*** Block opens ***

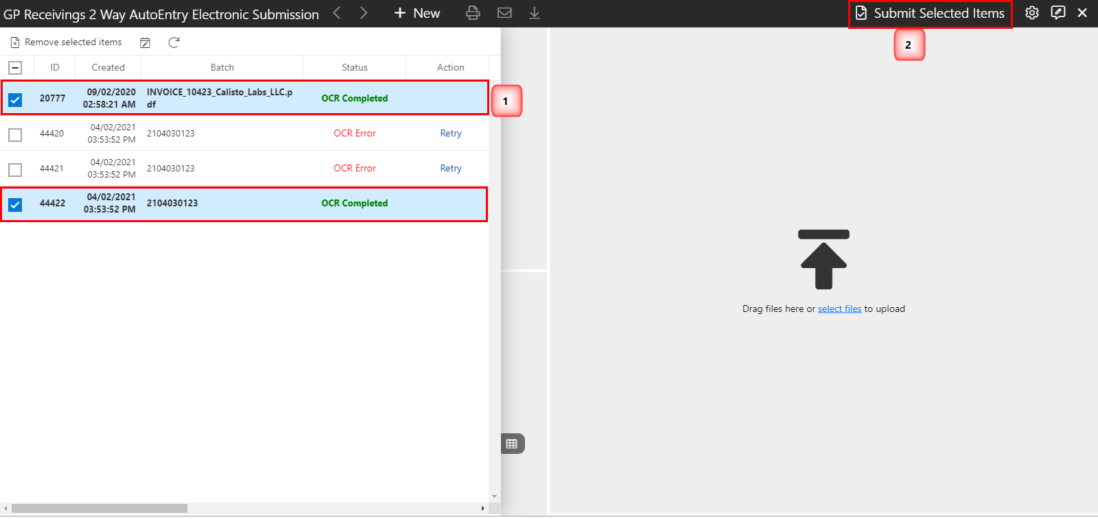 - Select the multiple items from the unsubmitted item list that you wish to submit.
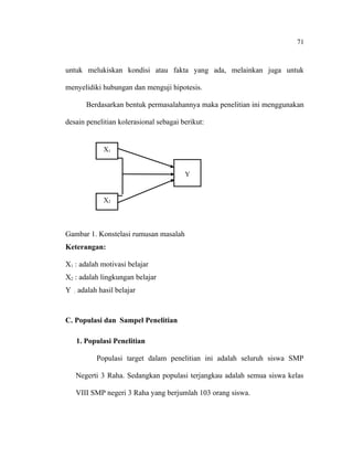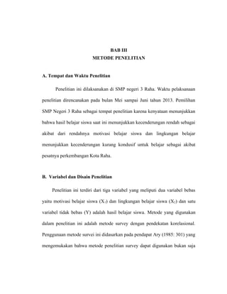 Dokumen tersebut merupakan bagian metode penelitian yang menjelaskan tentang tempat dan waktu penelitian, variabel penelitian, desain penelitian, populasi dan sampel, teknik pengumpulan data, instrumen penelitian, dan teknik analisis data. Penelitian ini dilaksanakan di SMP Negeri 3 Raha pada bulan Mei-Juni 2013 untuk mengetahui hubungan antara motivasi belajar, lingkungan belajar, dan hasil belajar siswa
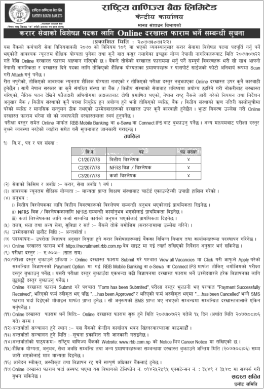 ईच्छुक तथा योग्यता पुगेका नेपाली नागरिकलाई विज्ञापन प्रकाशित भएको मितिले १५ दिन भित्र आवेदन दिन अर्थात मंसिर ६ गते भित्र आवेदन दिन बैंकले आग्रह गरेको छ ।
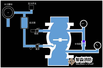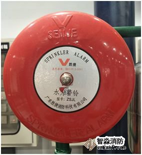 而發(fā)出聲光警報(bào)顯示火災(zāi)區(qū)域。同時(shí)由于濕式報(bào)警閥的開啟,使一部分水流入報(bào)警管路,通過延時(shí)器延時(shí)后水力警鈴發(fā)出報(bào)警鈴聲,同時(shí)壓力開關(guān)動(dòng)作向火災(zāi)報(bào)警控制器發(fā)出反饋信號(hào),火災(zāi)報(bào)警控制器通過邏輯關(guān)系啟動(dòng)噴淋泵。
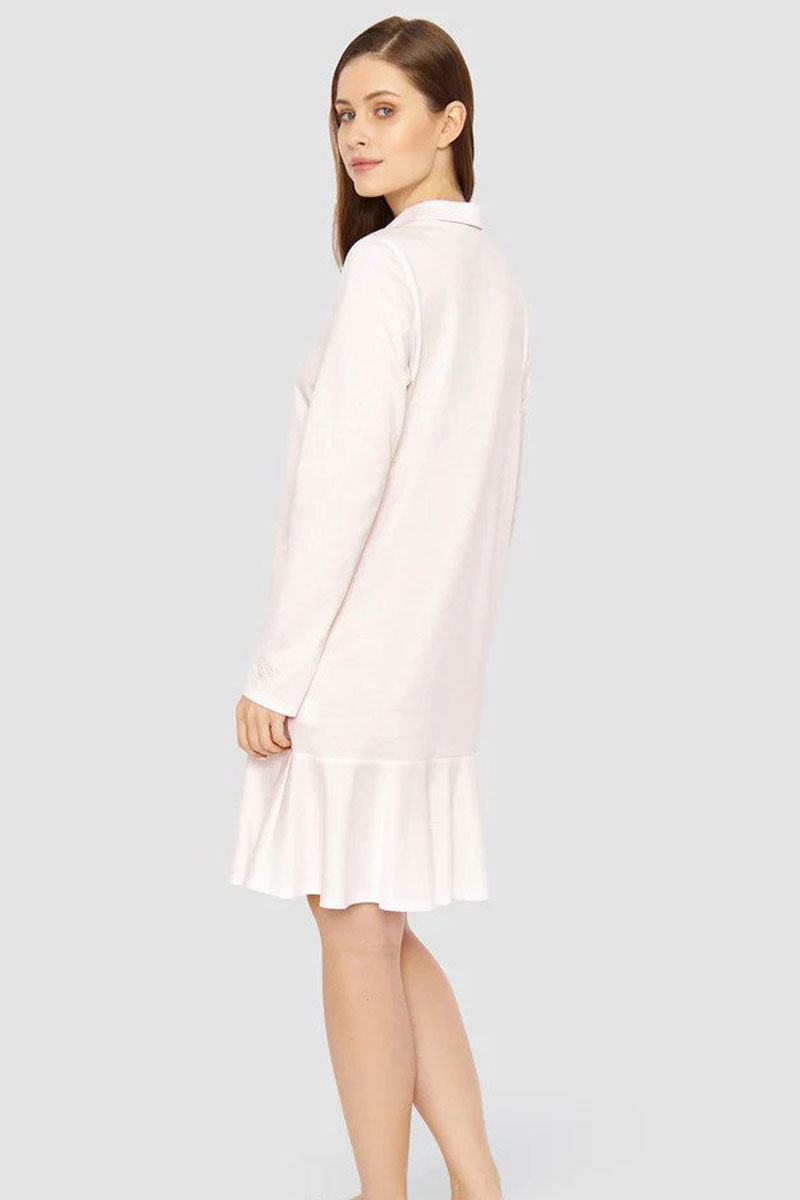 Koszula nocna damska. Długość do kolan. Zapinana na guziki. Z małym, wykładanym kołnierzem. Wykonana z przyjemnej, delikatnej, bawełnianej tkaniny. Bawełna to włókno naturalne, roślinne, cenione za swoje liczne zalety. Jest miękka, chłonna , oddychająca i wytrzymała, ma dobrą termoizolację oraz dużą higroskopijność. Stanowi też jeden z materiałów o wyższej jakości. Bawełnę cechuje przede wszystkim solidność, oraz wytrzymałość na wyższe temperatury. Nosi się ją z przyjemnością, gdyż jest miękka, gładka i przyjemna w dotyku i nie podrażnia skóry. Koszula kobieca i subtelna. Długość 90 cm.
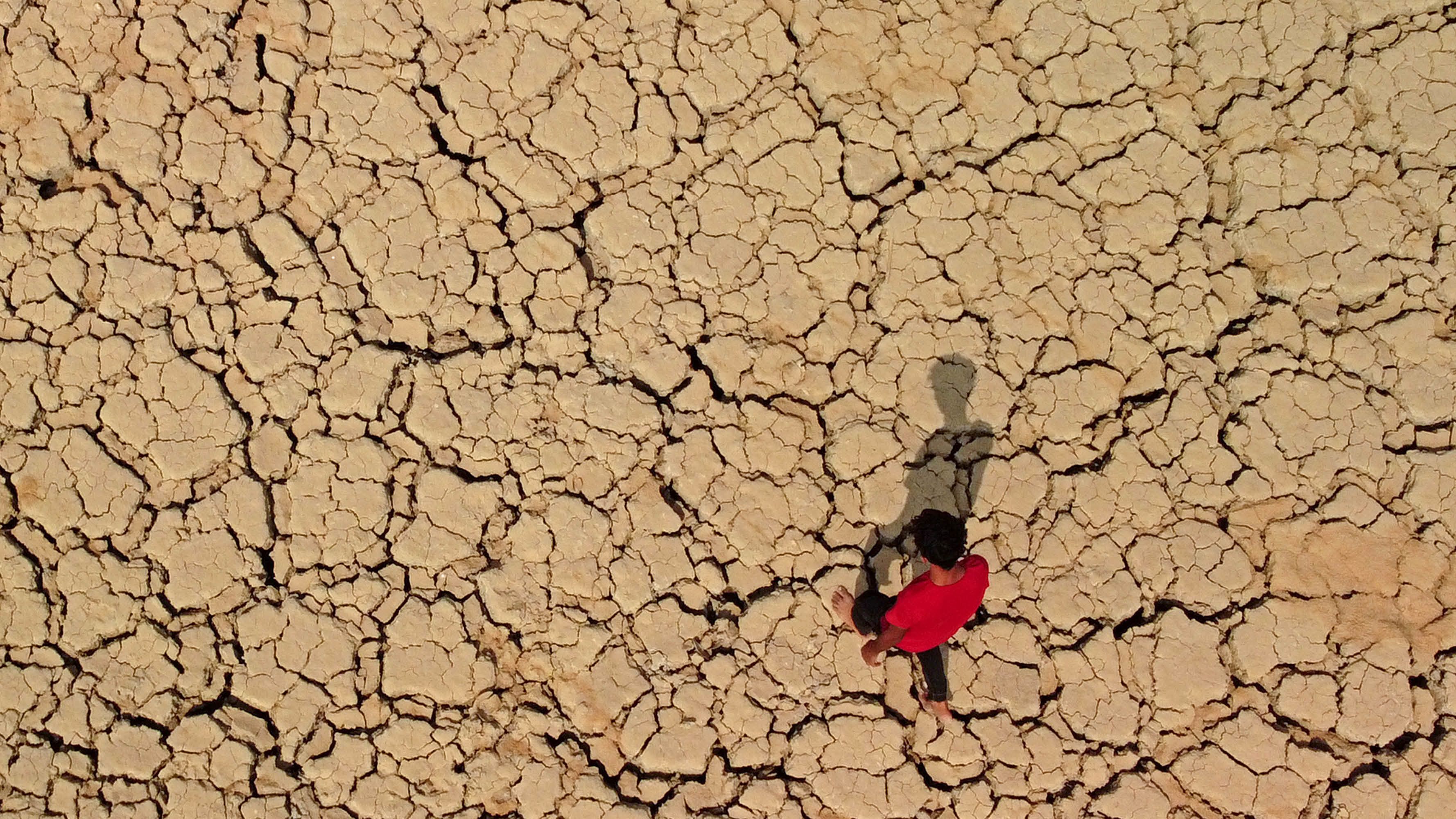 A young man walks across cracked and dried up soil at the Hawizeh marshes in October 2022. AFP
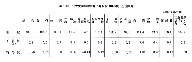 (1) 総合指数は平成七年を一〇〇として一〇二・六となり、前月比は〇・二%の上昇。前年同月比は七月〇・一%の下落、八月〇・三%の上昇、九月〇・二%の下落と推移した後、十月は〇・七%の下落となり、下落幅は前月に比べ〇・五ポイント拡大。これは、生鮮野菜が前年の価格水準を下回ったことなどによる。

*** Block closes ***

**Action item**
Although the records contain pictures, restate them word for word with those pictures left out.

**Task solution**
 - Select the multiple items from the unsubmitted item list that you wish to submit.
 Dokumen tersebut merupakan bagian metode penelitian yang menjelaskan tentang tempat dan waktu penelitian, variabel penelitian, desain penelitian, populasi dan sampel, teknik pengumpulan data, instrumen penelitian, dan teknik analisis data. Penelitian ini dilaksanakan di SMP Negeri 3 Raha pada bulan Mei-Juni 2013 untuk mengetahui hubungan antara motivasi belajar, lingkungan belajar, dan hasil belajar siswa
 ईच्छुक तथा योग्यता पुगेका नेपाली नागरिकलाई विज्ञापन प्रकाशित भएको मितिले १५ दिन भित्र आवेदन दिन अर्थात मंसिर ६ गते भित्र आवेदन दिन बैंकले आग्रह गरेको छ ।
 而發(fā)出聲光警報(bào)顯示火災(zāi)區(qū)域。同時(shí)由于濕式報(bào)警閥的開啟,使一部分水流入報(bào)警管路,通過延時(shí)器延時(shí)后水力警鈴發(fā)出報(bào)警鈴聲,同時(shí)壓力開關(guān)動(dòng)作向火災(zāi)報(bào)警控制器發(fā)出反饋信號(hào),火災(zāi)報(bào)警控制器通過邏輯關(guān)系啟動(dòng)噴淋泵。
 Koszula nocna damska. Długość do kolan. Zapinana na guziki. Z małym, wykładanym kołnierzem. Wykonana z przyjemnej, delikatnej, bawełnianej tkaniny. Bawełna to włókno naturalne, roślinne, cenione za swoje liczne zalety. Jest miękka, chłonna , oddychająca i wytrzymała, ma dobrą termoizolację oraz dużą higroskopijność. Stanowi też jeden z materiałów o wyższej jakości. Bawełnę cechuje przede wszystkim solidność, oraz wytrzymałość na wyższe temperatury. Nosi się ją z przyjemnością, gdyż jest miękka, gładka i przyjemna w dotyku i nie podrażnia skóry. Koszula kobieca i subtelna. Długość 90 cm.
 A young man walks across cracked and dried up soil at the Hawizeh marshes in October 2022. AFP
 (1) 総合指数は平成七年を一〇〇として一〇二・六となり、前月比は〇・二%の上昇。前年同月比は七月〇・一%の下落、八月〇・三%の上昇、九月〇・二%の下落と推移した後、十月は〇・七%の下落となり、下落幅は前月に比べ〇・五ポイント拡大。これは、生鮮野菜が前年の価格水準を下回ったことなどによる。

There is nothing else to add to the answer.